== SUPPLIED ENTRIES ==
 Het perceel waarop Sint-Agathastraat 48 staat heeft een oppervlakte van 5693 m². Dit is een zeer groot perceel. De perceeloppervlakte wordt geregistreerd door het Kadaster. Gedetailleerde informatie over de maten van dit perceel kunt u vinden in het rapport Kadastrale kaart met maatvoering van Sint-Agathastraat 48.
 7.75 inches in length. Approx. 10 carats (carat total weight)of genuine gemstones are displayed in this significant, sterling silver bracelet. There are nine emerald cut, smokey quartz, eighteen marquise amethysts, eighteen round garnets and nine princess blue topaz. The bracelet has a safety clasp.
* * *
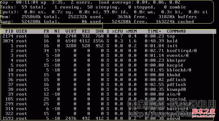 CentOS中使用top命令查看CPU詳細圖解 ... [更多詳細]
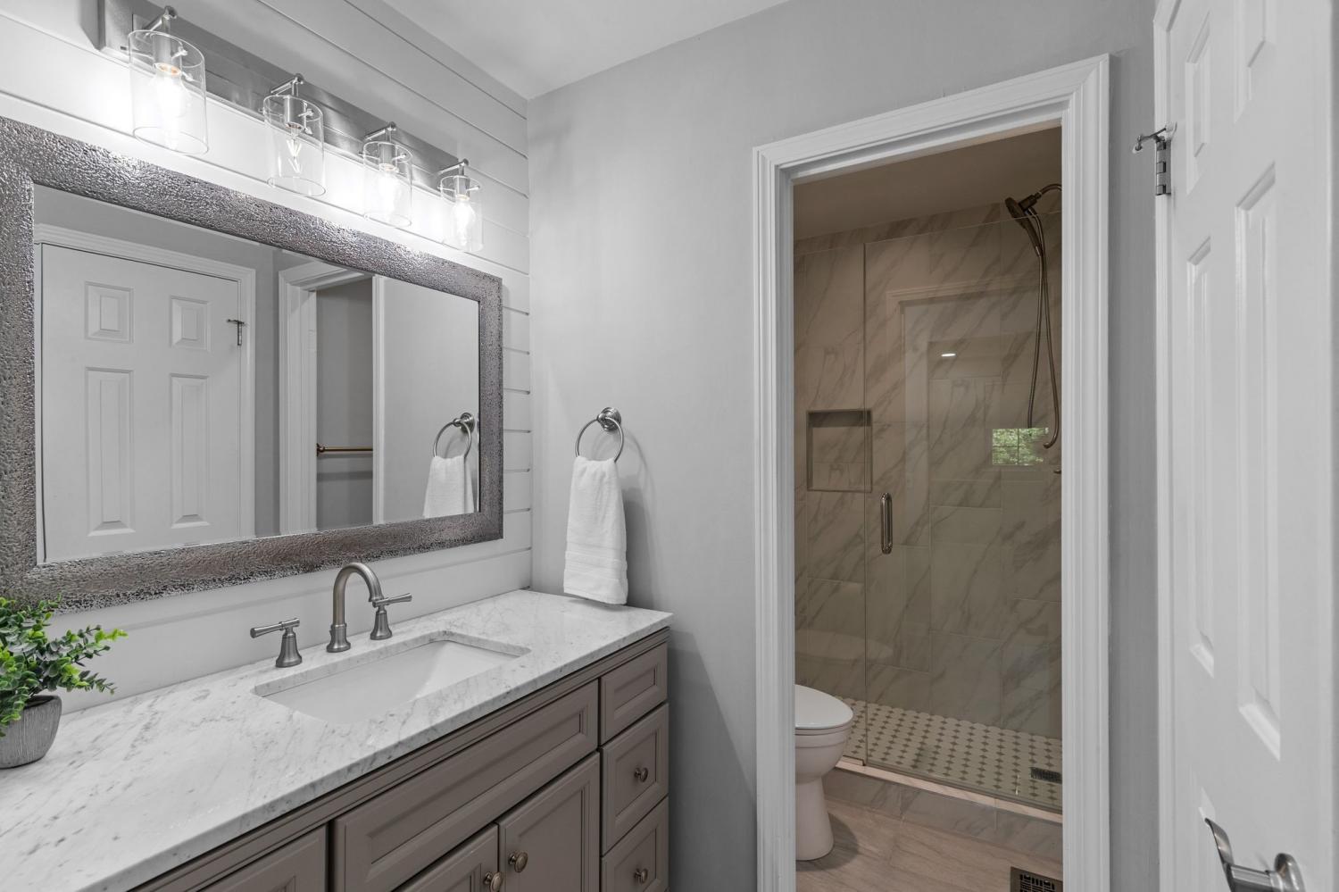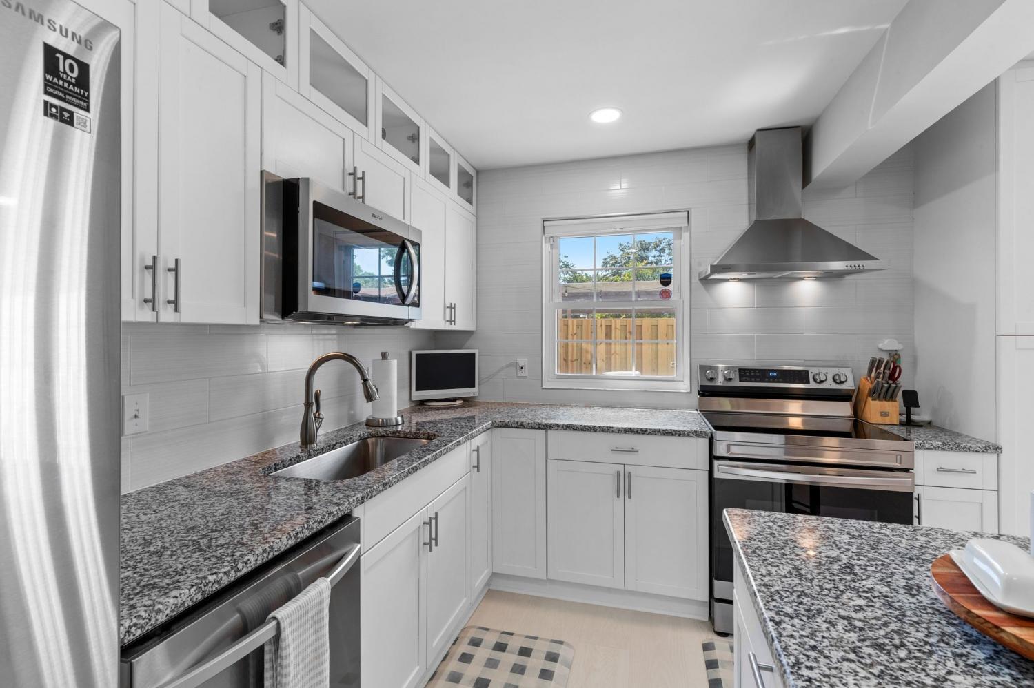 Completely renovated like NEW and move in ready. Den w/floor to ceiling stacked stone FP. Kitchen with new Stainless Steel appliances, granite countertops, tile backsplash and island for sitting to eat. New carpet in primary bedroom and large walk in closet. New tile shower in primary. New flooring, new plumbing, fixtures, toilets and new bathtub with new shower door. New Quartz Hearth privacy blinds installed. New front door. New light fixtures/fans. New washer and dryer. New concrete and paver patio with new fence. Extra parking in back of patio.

== YOUR INSTRUCTIONS ==
Your answer must be the lines above from the one holding "CentOS中使用top命令查看CPU詳細圖解 ... [更多詳細]" up to and including the one holding "Completely renovated like", exact and with no pictures.

== ANSWER TO THE PROBLEM ==
 CentOS中使用top命令查看CPU詳細圖解 ... [更多詳細]
 Completely renovated like NEW and move in ready. Den w/floor to ceiling stacked stone FP. Kitchen with new Stainless Steel appliances, granite countertops, tile backsplash and island for sitting to eat. New carpet in primary bedroom and large walk in closet. New tile shower in primary. New flooring, new plumbing, fixtures, toilets and new bathtub with new shower door. New Quartz Hearth privacy blinds installed. New front door. New light fixtures/fans. New washer and dryer. New concrete and paver patio with new fence. Extra parking in back of patio.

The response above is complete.